Santé

L’impact « effrayant » des repas rapides sur les cerveaux des adolescents


Une étude menée par des chercheurs de l’Université de Californie du Sud met en lumière les conséquences durables du régime alimentaire riche en matières grasses et en sucres pendant l’adolescence.

Les chercheurs, selon le site Medical Xpress, ont souligné la possibilité d’une altération de la mémoire à long terme due à de mauvais choix alimentaires pendant les périodes de croissance cruciales.

L’étude, dirigée par Scott Kanoski et l’auteure principale Anna Hayes, vise à explorer la relation entre le régime alimentaire et la fonction de la mémoire, en se concentrant particulièrement sur le neurotransmetteur acétylcholine, un neurotransmetteur vital pour la mémoire et les processus cognitifs.

Des recherches antérieures ont établi un lien entre un régime alimentaire malsain et des conditions telles que la maladie d’Alzheimer, caractérisée par une diminution des niveaux d’acétylcholine dans le cerveau.

Cela a incité les chercheurs à examiner l’impact du régime alimentaire riche en matières grasses et en sucres sur les niveaux d’acétylcholine et les performances ultérieures de la mémoire, en particulier pendant la période critique de l’adolescence, lorsque le cerveau subit une grande évolution.

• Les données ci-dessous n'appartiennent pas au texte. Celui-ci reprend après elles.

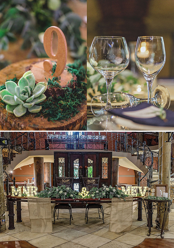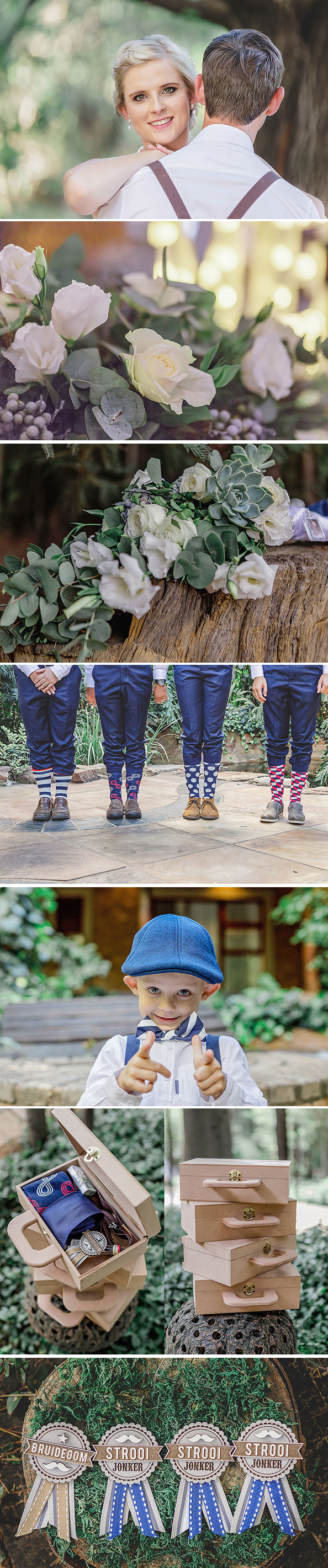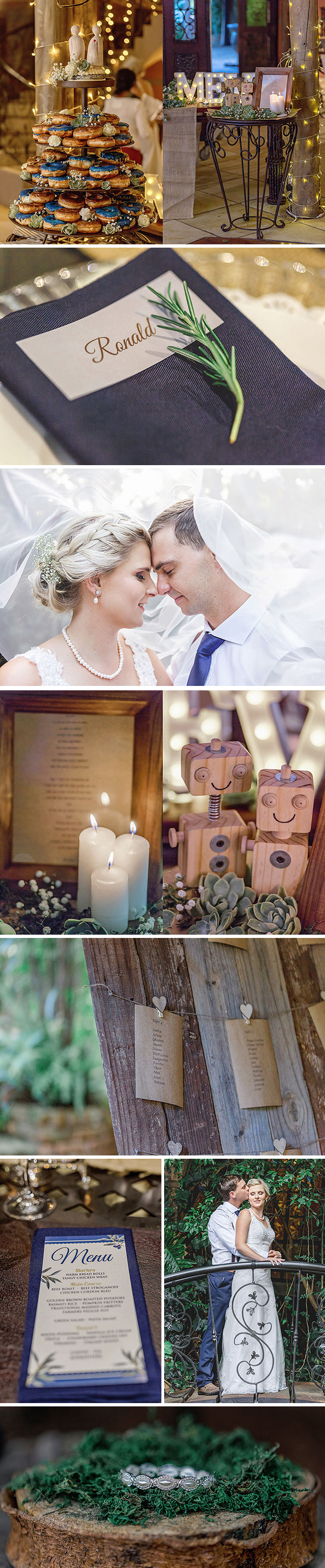 “Ons wou ’n rustige, gesellige en rustieke atmosfeer skep by ons troue. Die kleurskema was vlootblou met ’n bietjie groenigheid by.”

L’auteure principale, Hayes, a expliqué que « les signaux de l’acétylcholine sont un mécanisme qui les aide à encoder ces événements et à s’en souvenir, similaire à la « mémoire de travail » chez les humains qui nous permet de nous rappeler des événements de notre passé ».

Les résultats de l’étude soulignent l’exposition du cerveau adolescent aux influences alimentaires et les conséquences potentielles à long terme sur les capacités cognitives ultérieures.

Kanoski a souligné la nature critique de l’adolescence dans le développement cérébral, notant que « malheureusement, certaines choses qui pourraient être facilement inversées pendant la puberté sont moins réversibles lorsqu’elles se produisent pendant l’enfance ». Cependant, il y a de l’espoir d’intervention, comme le montrent les tours ultérieures de l’étude où une partie de l’affaiblissement de la mémoire a été partiellement inversée en utilisant des médicaments qui stimulent la libération de acétylcholine.

Alors que les résultats de cette étude résonnent dans les milieux scientifiques, ils servent de rappel de l’impact profond que les choix alimentaires peuvent avoir sur la santé cérébrale et la fonction cognitive, en particulier pendant les périodes de croissance cruciales, ainsi que le chemin vers des études futures visant à comprendre et à atténuer les conséquences à long terme des mauvaises habitudes alimentaires sur les fonctions cérébrales des adolescents.